Can we rule out the possibility that the mechanisms by which certain drugs cause criminal activity follow a similar pattern to those by which books cause criminal activity? Are we certain that drugs do not produce a state of mind in which users become more aware of certain truths that are inconvenient for the ruling regime?

Perhaps when an underclass man uses drugs, he becomes more aware of the injustice to which he has been subjected by the ruling regime. Perhaps this is what causes him to behave in ways that are inconvenient for the regime. Perhaps the drug gives him the courage to stand up for his interests, rather than passively allowing himself to be deprived of his share of the material goods on the planet.

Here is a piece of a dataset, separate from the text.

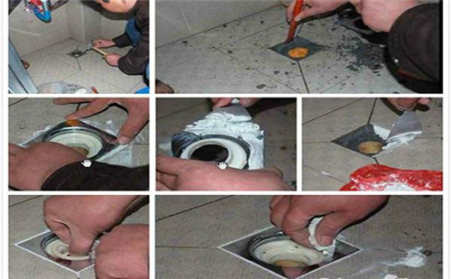 3.清理干凈后,將四周刮上水泥膩子。新地漏四周也刮上水泥膩子,使與地面牢固結合,并將多余水泥清理干凈。在裝新地漏前需將防臭芯取出,以免硬物進入芯內,影響使用效果;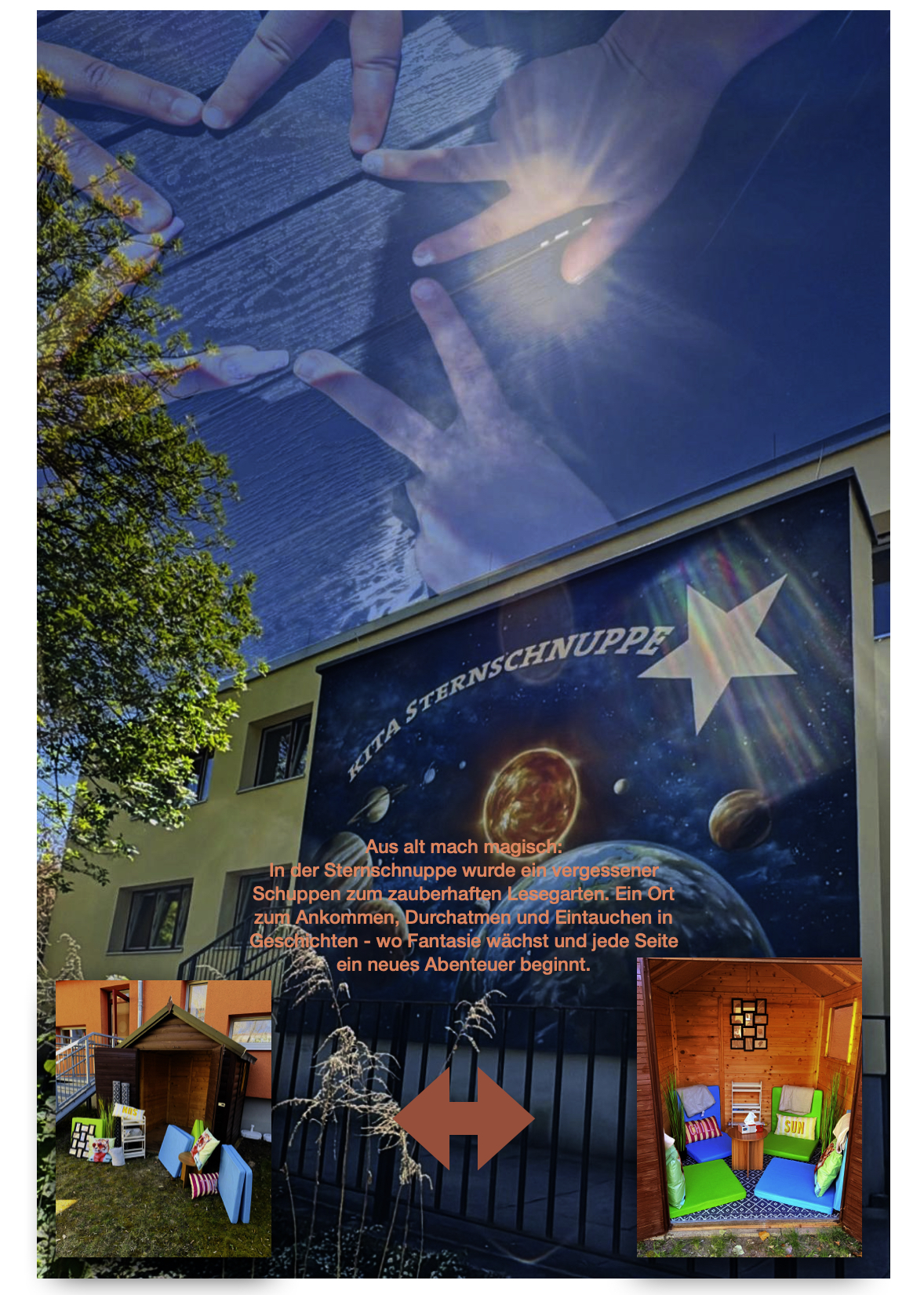 Entdecken Sie die Kita „Sternschnuppe“ in Potsdam! Seit 1995 bietet unsere integrative Kindertagesstätte im Wohngebiet „Am Stern“ Platz für bis zu 210 Kinder im Alter von acht Wochen bis zum Ende der Grundschulzeit. Unser helles, freundliches Haus verbindet liebevolle Betreuung mit den Schwerpunkten Integration, Sprache und Bewegung. Das großzügige Freigelände und die nahegelegenen Wald- und Wohngebiete laden zu vielfältigen Aktivitäten im Freien ein. Bei uns sind alle Kinder herzlich willkommen, um spielerisch zu entdecken, zu lernen und sich wohlzufühlen.

Not only is the underclass man deprived of his share of ownership in capital, he is also deprived of his drug of choice, the one thing that might have put him in a state of mind in which he could endure the ascetic lifestyle imposed upon him by the regime. If drug prohibition doesn't keep him from his drug of choice, it certainly makes the drug fabulously expensive, when it might have been as cheap as aspirin.

When the underclass man chooses to ransack and pillage society in order to pay for his drug of choice, I interpret this as society getting its just deserts for the manner in which it has treated him. It is not the underclass man who is to be blamed for his crimes, not when the regime is so cruel as to deprive him even of the few cheap things that would comfort him in his misery. When the underclass man breaks into my house and shoots me to get money for his drug of choice, this is fate delivering to me my just deserts for having done nothing while society abused him.

If the bourgeois believes drugs nullify the intellect, this is very likely because his primary experience with mind-altering substances is with ethanol. Ethanol also produces a vast array of cognitive alterations. But awareness of the regime’s injustice and the courage to rebel against it do not happen to be among them.

A regime that abhors criticism keeps its citizens fully immersed at all times. Its rule is like water to the fish. Such a regime permits those drugs which further submerge us in unawareness. But it never permits us to elevate ourselves to a state of awareness in which our aspirations might surpass the artificial boundaries the regime has imposed.